◆ To do
Please keep pictures out of the copy, and print exactly the lines from the one containing "Fartygschefen på pansarskeppet" through the end of the records.

◆ Task inputs
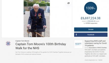 Літній військовослужбовець пообіцяв з 8 квітня пройти 100 кіл навколо свого будинку до власного сторіччя, яке виповниться наприкінці місяця. Це дорівнює приблизно 2,5 кілометра. Зібрані під час акції кошти спрямують до національної служби охорони здоров'я.
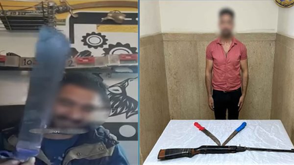 القبض على صاحب محل ظهر بأسلحة بيضاء وبندقية صيد بالجيزة
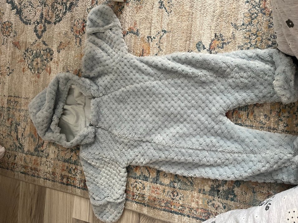 Gri renkli, örgü örme bebek tulumu, bohem tarzı ve yumuşak dokusuyla sıcak tutar. ❄️
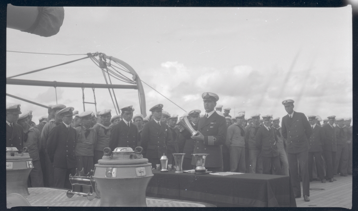 Fartygschefen på pansarskeppet SVERIGE, kommendörkapten Mörner, delar ut idrottspris på däck. Berger har skildrat prisutdelningen även på Fo229124A, Fo229156, Fo229193A, Fo229255C och Fo229258C.
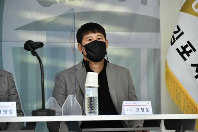 김포FC는 25일 홈 구장인 경기도 김포시 솔터축구전용구장에서 K리그2 진입 기자회견을 열었다. 이날 기자회견에는 정하영 김포시장과 서영길 대표 그리고 고정운 감독 등이 참석했다.
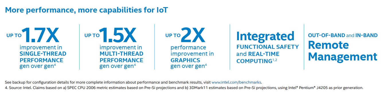 為了支持下一代物聯網邊緣設備,英特爾開發了一系列針對物聯網進行增強的新處理器:英特爾凌動® x6000E 系列和英特爾® 奔騰® 以及英特爾® 賽揚® N 和 J 系列處理器。這些處理器建立在新水平的 CPU 和圖形性能之上,具有集成的物聯網功能、實時性能、可管理性、安全性和功能安全性。

◆ Exercise output
 Fartygschefen på pansarskeppet SVERIGE, kommendörkapten Mörner, delar ut idrottspris på däck. Berger har skildrat prisutdelningen även på Fo229124A, Fo229156, Fo229193A, Fo229255C och Fo229258C.
 김포FC는 25일 홈 구장인 경기도 김포시 솔터축구전용구장에서 K리그2 진입 기자회견을 열었다. 이날 기자회견에는 정하영 김포시장과 서영길 대표 그리고 고정운 감독 등이 참석했다.
 為了支持下一代物聯網邊緣設備,英特爾開發了一系列針對物聯網進行增強的新處理器:英特爾凌動® x6000E 系列和英特爾® 奔騰® 以及英特爾® 賽揚® N 和 J 系列處理器。這些處理器建立在新水平的 CPU 和圖形性能之上,具有集成的物聯網功能、實時性能、可管理性、安全性和功能安全性。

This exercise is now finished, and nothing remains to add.